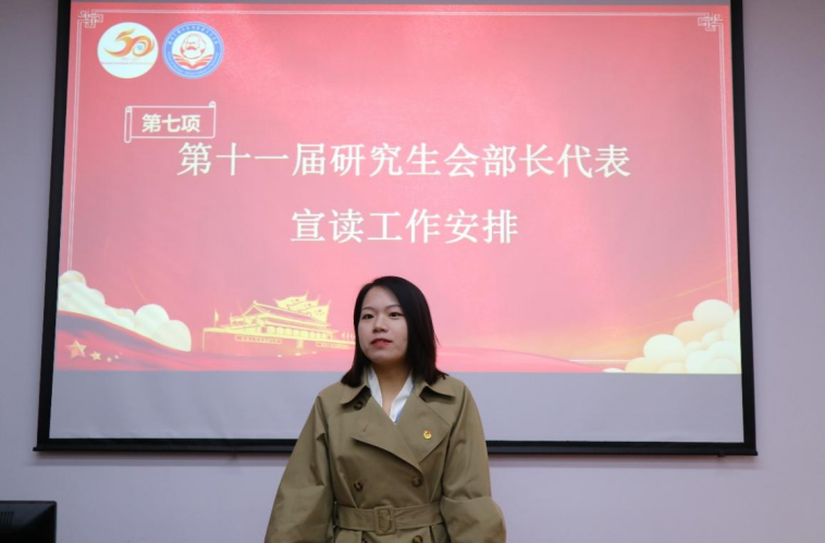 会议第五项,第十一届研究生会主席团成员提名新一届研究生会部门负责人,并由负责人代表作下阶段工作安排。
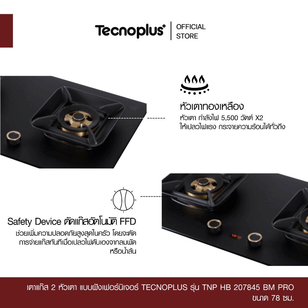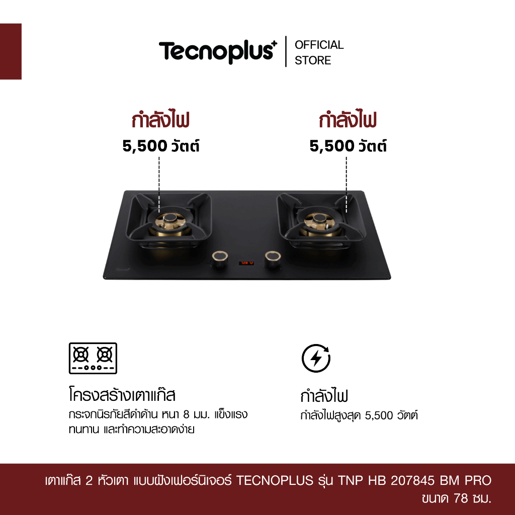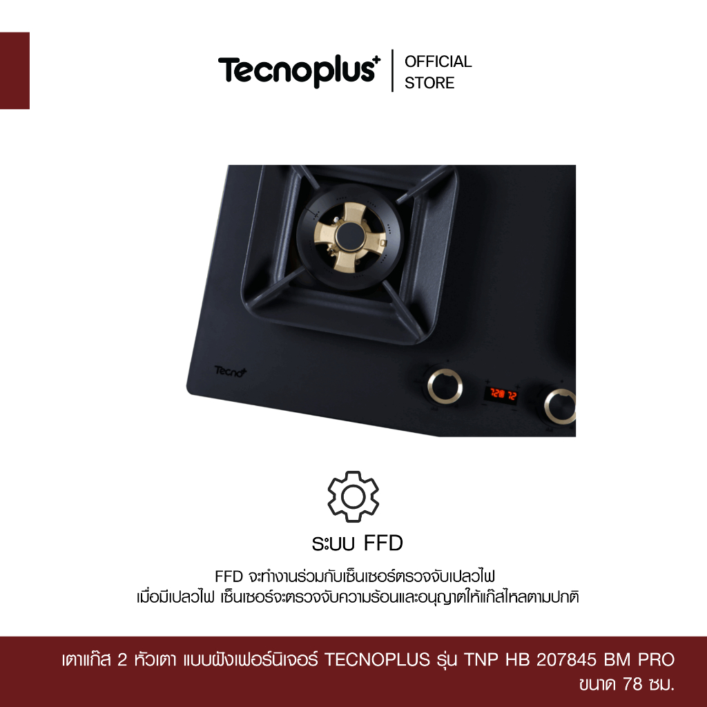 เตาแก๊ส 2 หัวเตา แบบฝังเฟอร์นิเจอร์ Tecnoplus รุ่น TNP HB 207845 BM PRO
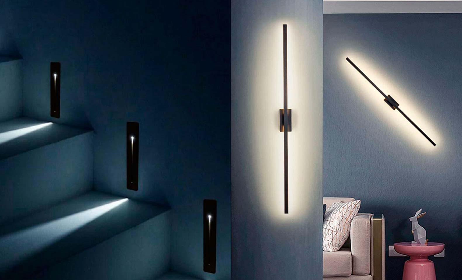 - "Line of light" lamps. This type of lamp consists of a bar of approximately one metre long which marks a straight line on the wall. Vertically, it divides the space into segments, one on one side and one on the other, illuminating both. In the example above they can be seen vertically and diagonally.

• • • • •

* **TASK GOAL**
Restate, line by line and word for word, everything from the top of the material through the line that contains "เตาแก๊ส 2 หัวเตา". Leave pictures out.

* **WRITTEN SOLUTION**
 会议第五项,第十一届研究生会主席团成员提名新一届研究生会部门负责人,并由负责人代表作下阶段工作安排。
 เตาแก๊ส 2 หัวเตา แบบฝังเฟอร์นิเจอร์ Tecnoplus รุ่น TNP HB 207845 BM PRO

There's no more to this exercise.